Mahia is a paradise for water activities.
Boaties enjoy fishing, diving, skiing, and exploring the coast line on either side of the peninsula.
There are lots of small beaches where families can go to picnic, collect shells, swim and explore the rock pools.
On windy days the kite surfers and wind surfers can be seen skimming across the waves.
Kayaking is popular as well as surfing, body surfing and being towed behind a boat on a sea biscuit.
Yachting is enjoyed on the bay and clubs from Gisborne and Napier hold races here in March.
I found this story about surfing Mahia, it may be of interest to the surfers out there.
There are different types of shell fish which can be gathered from the sea around the peninsula at low tide. On the Mahia Beach side tuatua and pipi can be found in the sand.
On the Te Mahia side, at Oraka, on the low tide pipi and cockles can be gathered.

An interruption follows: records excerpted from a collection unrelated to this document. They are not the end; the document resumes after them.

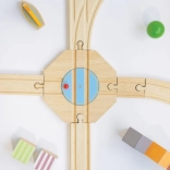 Wszystkie elementy wykonano z trwałego i zrównoważonego drewna kauczukowego, malowanego nietoksycznymi farbami na bazie wody. Kolejka wspiera rozwój motoryki małej, wyobraźnię oraz jest kompatybilna z innymi kolejkami dostępnymi na rynku.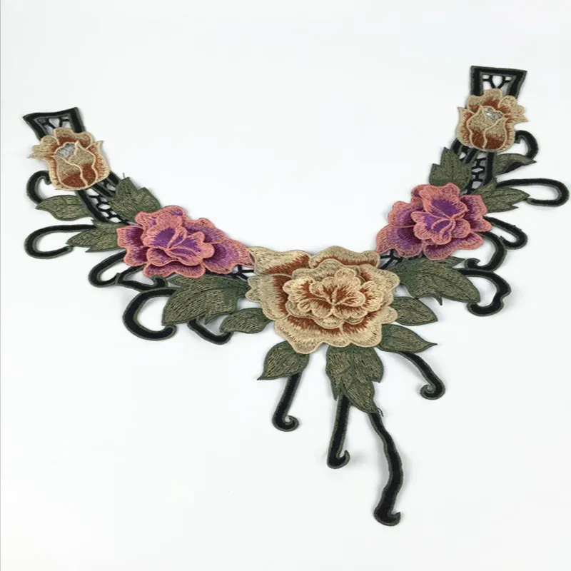 3D цветок пион вышитые кружева декольте Воротник Аппликация Патчи Скрапбукинг рельефная одежда швейная ткань одежда Pathces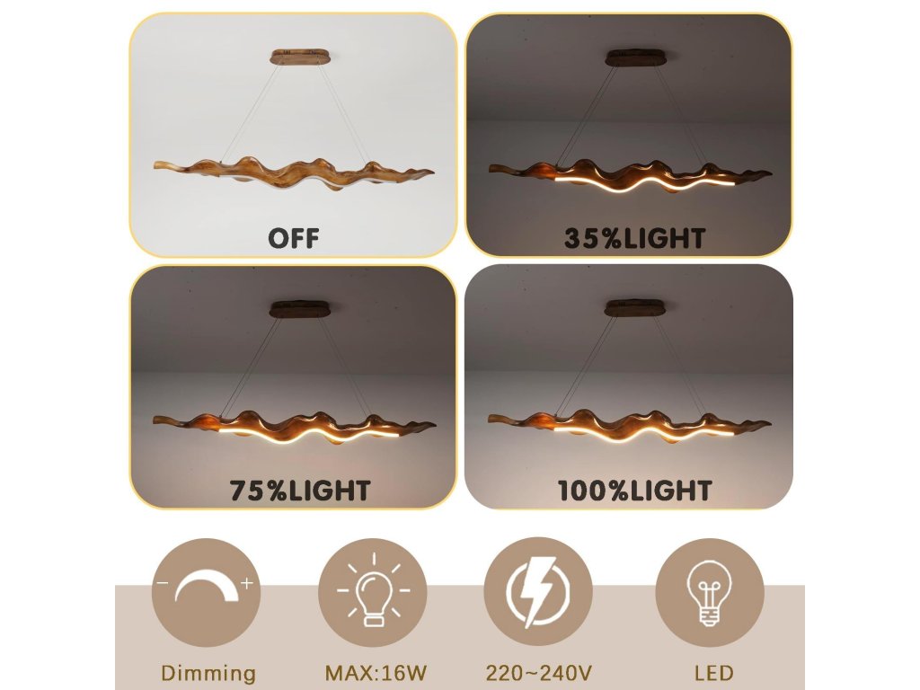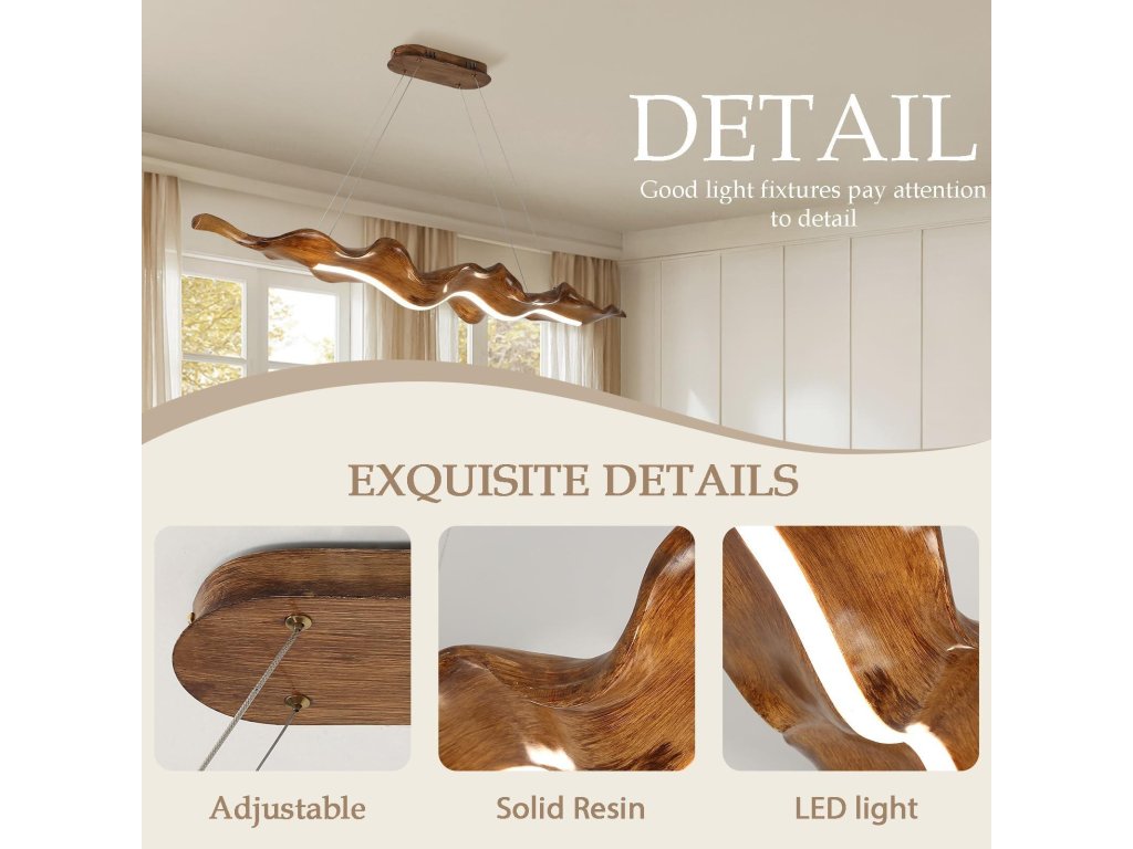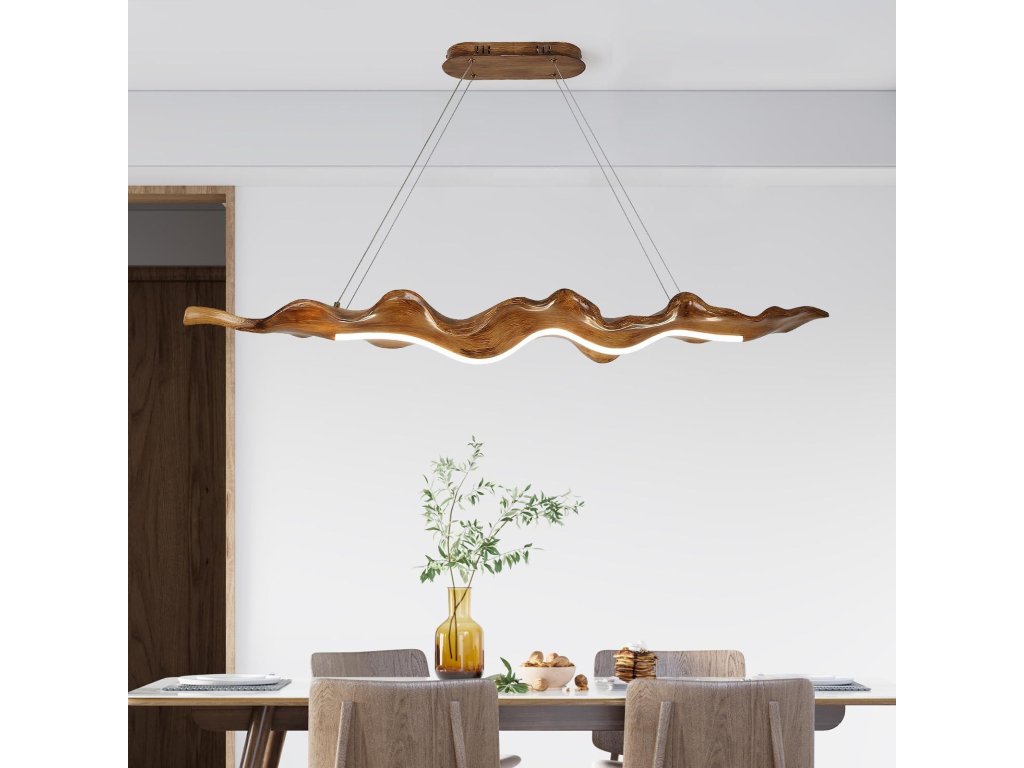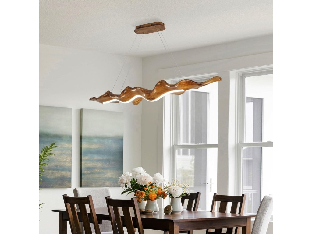Závěs je výškově nastavitelný až do 1 metru, takže svítidlo přizpůsobíte výšce stropu i konkrétnímu prostoru. Konstrukce kombinuje kov a pevnou pryskyřici s povrchovou úpravou imitující dřevo a integrovaným LED zdrojem pro úsporný provoz.

There is nothing nicer than a feed of tuatua and red onions in white vinegar and water.
My friend says "Pipis in the shell, cooked on the BBQ with garlic, onions and butter are superb".
Pipi fritters are yummy too.
All that was left after a meal of Pipi Fritters
Diving for paua or crayfish is very rewarding, especially if you collect a few and share them with family and friends, along with a few cold bevies by the BBQ.
A kite surfer who traveled from Napier, because the wind conditions were just right in our bay.